Real vs AI Doctors
/In the old American folk tale, steel-driving man John Henry squares off against a steam-powered hammer. Henry dies when his heart gives out after (just barely) beating the machine. In our modern world, human doctors are faring much better against their artificial intelligence (AI) counterparts. In fact, according to the latest research from Harvard Medical School, the humans are kicking the robots' butts.
Real-life doctors make a correct diagnosis more than twice as frequently as the 23 most commonly-used “doctor apps.” These apps typically take symptoms as input and generate their diagnosis by cross-indexing against a database of diseases.
There is no denying the growing popularity of these AI docs, however. Hundreds of millions of people use Internet sites, smartphone apps, or desktop computer programs to self-diagnose their symptoms. The process is quick and often free. The results, however, are frequently incorrect.
In the Harvard study, 234 internal medicine physicians were asked to evaluate 45 clinical cases. The cases ran the gamut of common and uncommon conditions, all with varying degrees of severity. In each scenario, the doctors had to identify the most likely diagnosis along with two additional possible diagnoses. Each of these diagnosis scenarios were solved by a minimum of 20 physicians.
In the John Henry-style head-to-head contest, the humans delivered the correct diagnosis 72 percent of the time. The algorithms delivered the right answer only 34 percent of the time. Adding some gray area to the diagnoses, 84 percent of the doctors generated the correct diagnosis in the top three possibilities, compared to only 51 percent for the robots.
Worse still (for the machines), the biggest discrepancy was in the area of more severe and less common illnesses. The software performed a little better in the arena of less acute and more common sicknesses.
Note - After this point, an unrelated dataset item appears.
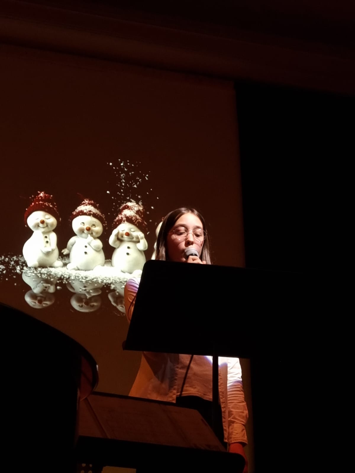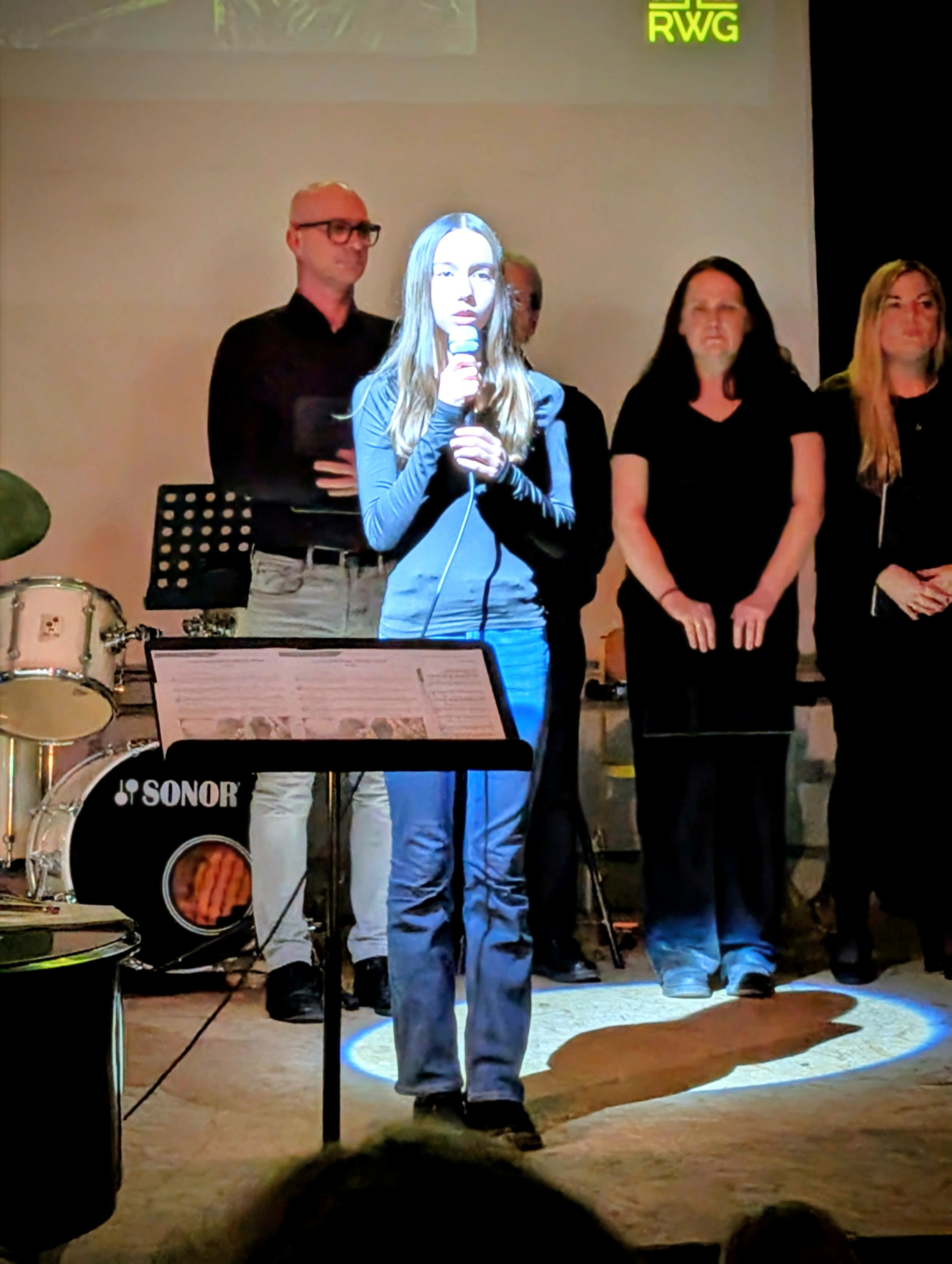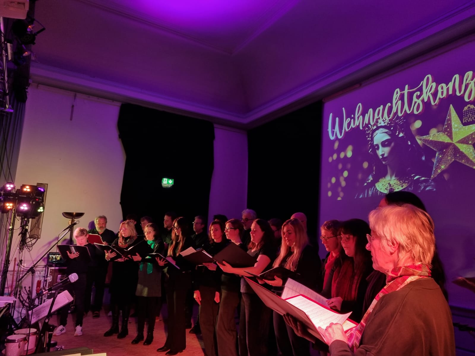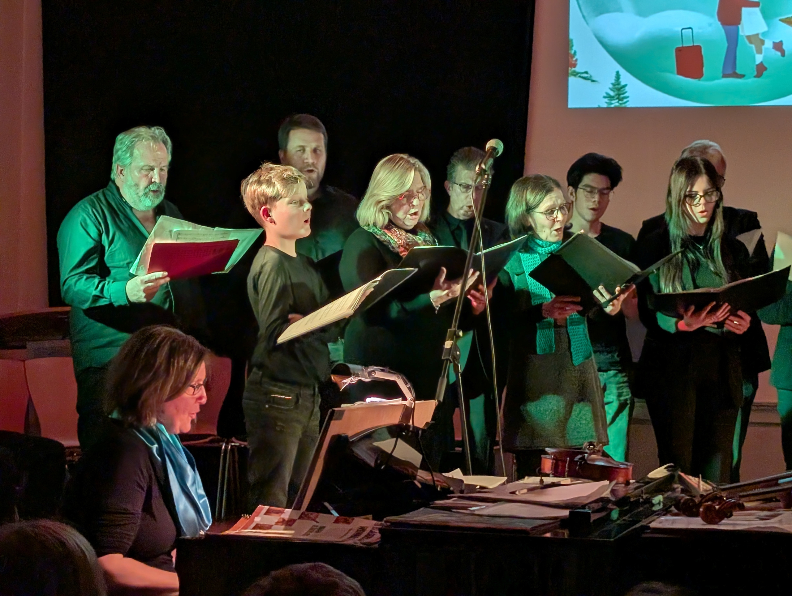 Den krönenden Abschluss bildete das gemeinsame Singen von „Alle Jahre wieder“, bei dem auch das Publikum herzlich eingeladen war, mitzusingen – ein bewegender Moment gelebter Schulgemeinschaft. Stimmungsvolle Hintergrundprojektionen von Jochen Settili sowie die souveräne Unterstützung der Technik-AG mit Adar Ekinci, Lukas Stanke, Oskar Gögler und Jochen Settili trugen wesentlich zum Gelingen des Abends bei. Auch das liebevoll gestaltete Werbeplakat von Beverley Bauer und Julia Hildebrandt sei an dieser Stelle gewürdigt.

"While the computer programs were clearly inferior to physicians in terms of diagnostic accuracy, it will be critical to study future generations of computer programs that may be more accurate," said senior investigator and graceful victor Ateev Mehrotra, an associate professor of health care policy at Harvard Medical School.
Champagne and victory laps behind us, there is no denying the sobering reality that, although man trounced the machinery, human physicians still clocked in with errors in 15 percent of the cases. So maybe the best solution is for man and machine doctors to join forces?
"Clinical diagnosis is currently as much art as it is science, but there is great promise for technology to help augment clinical diagnoses," Mehrotra said. "That is the true value proposition of these tools."
The final score was published in the Journal of the American Medical Association.